7 Foods for Longevity

Food is universal, it’s something each of us have in common with another, we need to eat to survive. Food's value is not only in its nutritional benefit but also in the social aspect.

A meal shared has mental benefits; conversation, laughing, mutual enjoyment and encourages us to let our guard down a bit (unless we are at a fancy restaurant which is usually laughed about upon reflection). 

If we are thinking of food as fuel, it’s very much worth looking into the micronutrients in food; vitamins, acids, antioxidants are often neglected in a world obsessed by macronutrients such as high protein content as well as a love hate relationship with fats and carbs. 

If you want to expand your knowledge of foods and their underlying values to your wellness, absolutely go ahead.

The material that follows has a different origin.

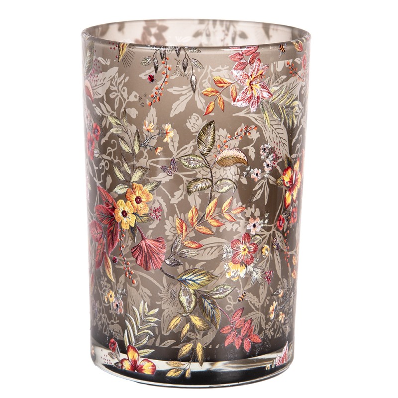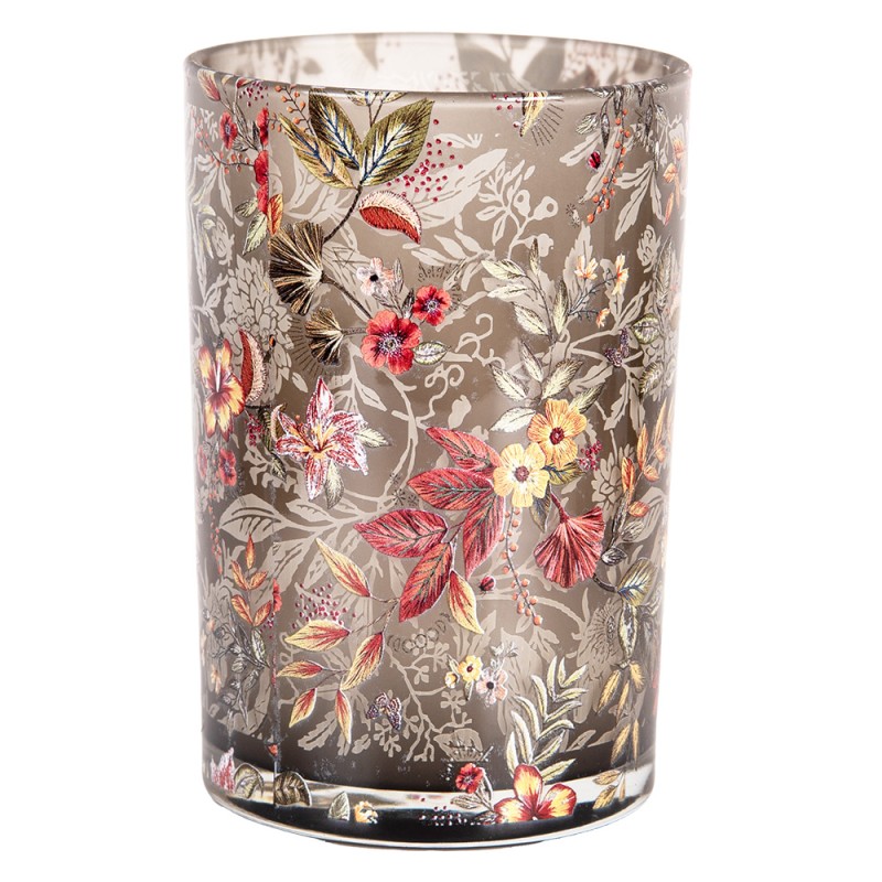 Clayre & Eef Porte-bougie Ø 12x18 cm Gris Verre Fleurs

Here are some foods that have shown to have benefits for your longevity and health that have somehow flown under the radar.  

Phytonutrients and Longevity

Phytonutrients are the chemical compounds found in plants that are utilised for protective purposes, meaning the plant has better resistance to fungus, bacteria, pests and infection.

If you haven’t heard of the term phytonutrients before they also go under a number of names such as phytochemicals, polyphenols or the most well-known term being antioxidants.

These chemicals are often what give the plants their unique colours. So, all the talk you hear of “eating the rainbow” just may be right. The general guidance is that the brighter and bolder the colour of your food, the more phytonutrients they will contain. 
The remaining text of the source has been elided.